=== Exercise data ===
***

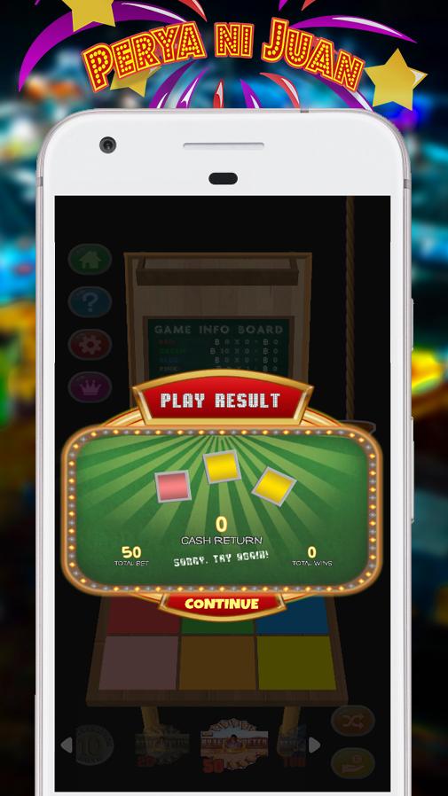 Perya ni Juan в настоящее время занимается активным развитием и подвергается кучу нового и захватывающего игрового процесса. Это ожидается ненавязчивого, но интуитивно понятного контроля и игрового взаимодействия. Симуляция для опыта в Перьяхане! Цветная игра - чисто игра случайности. Если вы выиграете, вам, должно быть, вам повезло.
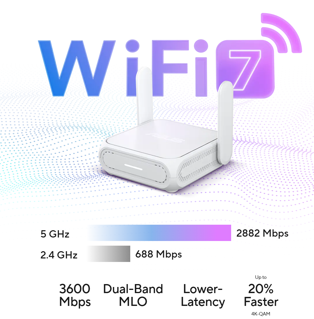 - Dual-band WiFi 7 speeds up to 3600 Mbps with MLO and 4K-QAM.
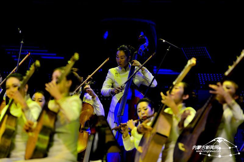 乐手们正在激情合奏乐曲《丝路驼铃》。7月2日,《北疆天籁——民族管弦乐音乐会》在乌兰恰特大剧院上演。内蒙古日报社融媒体记者 王晓博 摄
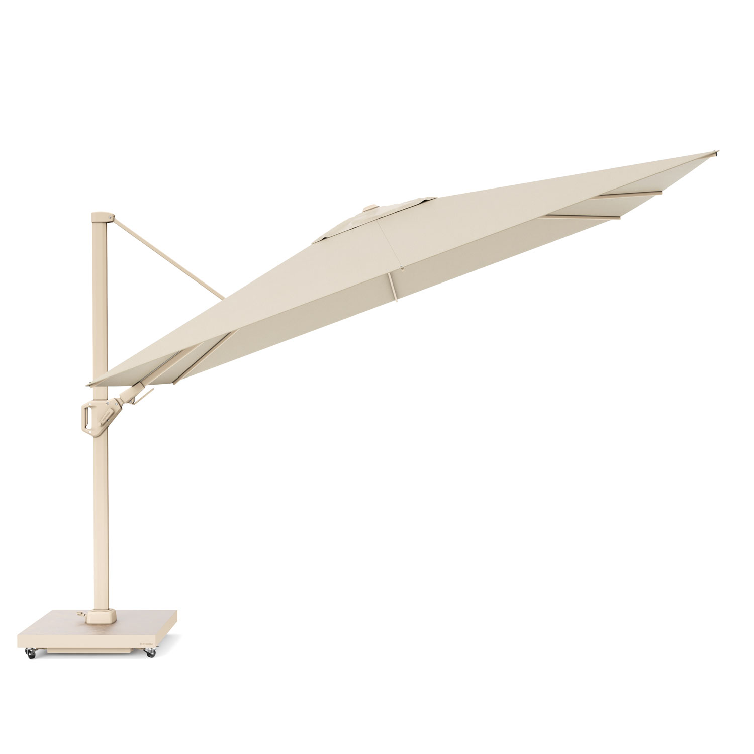 Deze parasols zijn speciaal ontworpen voor plaatsing aan de kopse kant van je tafel, zithoek of ligbed. De paal van de parasol bevindt zich aan de korstte zijde.
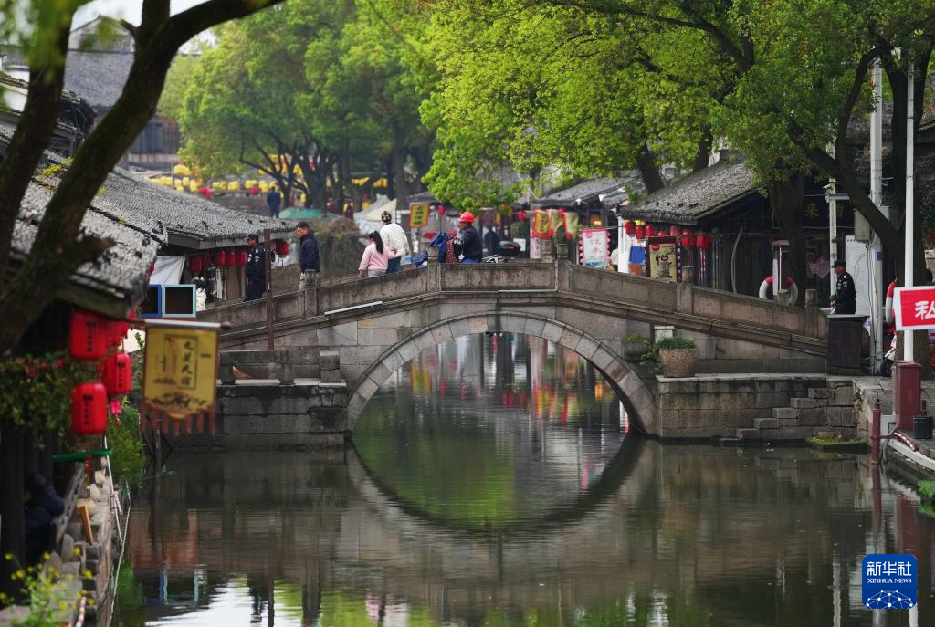 3月29日,人們走在安昌古鎮(zhèn)的石橋上。
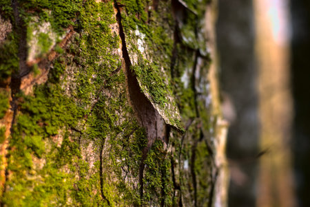 Green moss on the bark of tree in the forest. Close-up photo with bokeh.
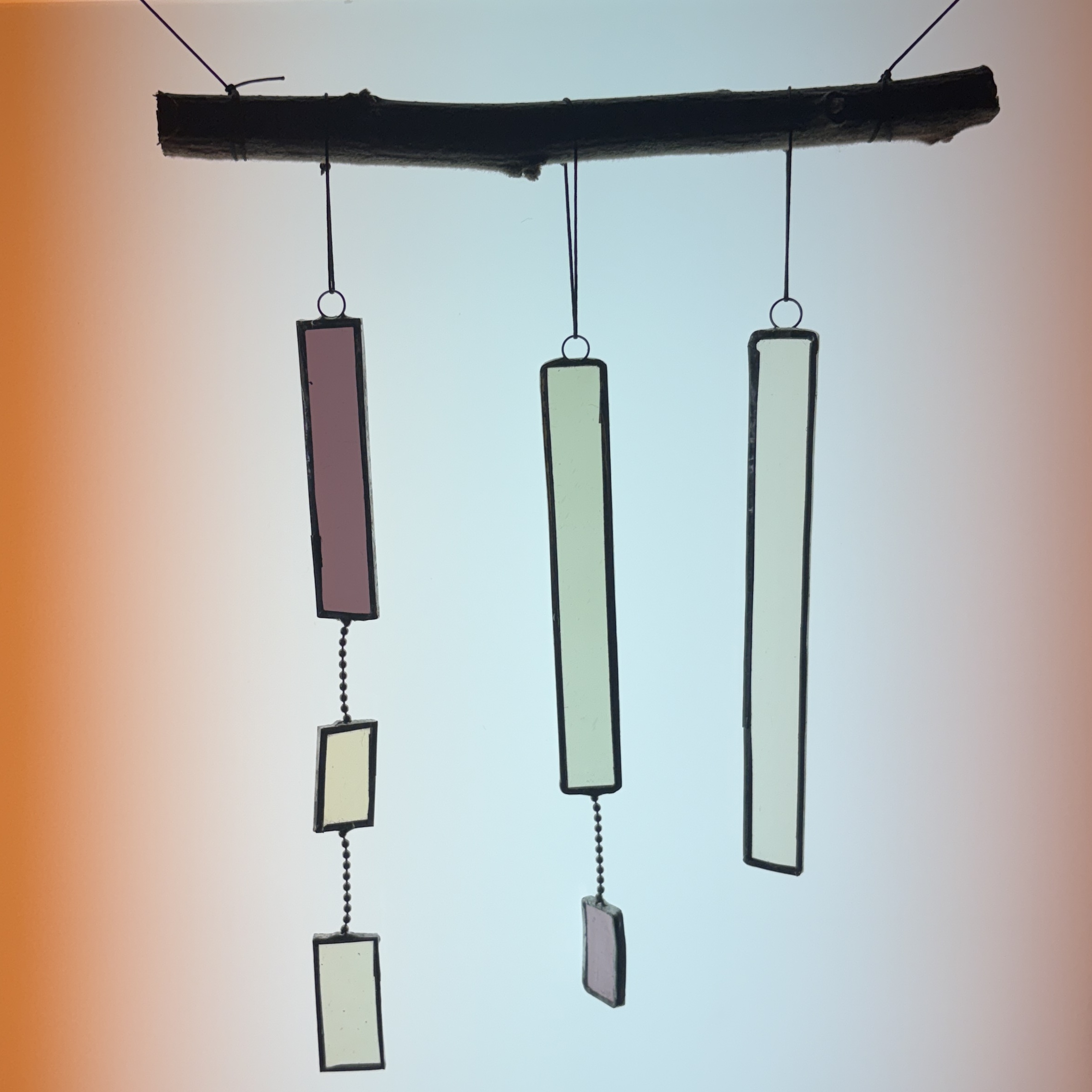 Oud glas in stroken, bewerkt met tiffany techniek en opgehangen aan een fluweelboom takje. Leuk cadeau voor de feestdagen!
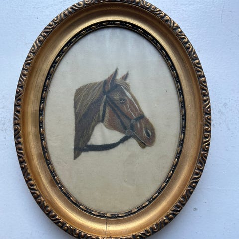 Indrammet broderi af hest.H 30 cm, B 37 cm.Flot og velholdt, gå til varen, for flere billeder.(L i pose).

***

Pictures aside, reproduce all of the data exactly.

 Perya ni Juan в настоящее время занимается активным развитием и подвергается кучу нового и захватывающего игрового процесса. Это ожидается ненавязчивого, но интуитивно понятного контроля и игрового взаимодействия. Симуляция для опыта в Перьяхане! Цветная игра - чисто игра случайности. Если вы выиграете, вам, должно быть, вам повезло.
 - Dual-band WiFi 7 speeds up to 3600 Mbps with MLO and 4K-QAM.
 乐手们正在激情合奏乐曲《丝路驼铃》。7月2日,《北疆天籁——民族管弦乐音乐会》在乌兰恰特大剧院上演。内蒙古日报社融媒体记者 王晓博 摄
 Deze parasols zijn speciaal ontworpen voor plaatsing aan de kopse kant van je tafel, zithoek of ligbed. De paal van de parasol bevindt zich aan de korstte zijde.
 3月29日,人們走在安昌古鎮(zhèn)的石橋上。
 Green moss on the bark of tree in the forest. Close-up photo with bokeh.
 Oud glas in stroken, bewerkt met tiffany techniek en opgehangen aan een fluweelboom takje. Leuk cadeau voor de feestdagen!
 Indrammet broderi af hest.H 30 cm, B 37 cm.Flot og velholdt, gå til varen, for flere billeder.(L i pose).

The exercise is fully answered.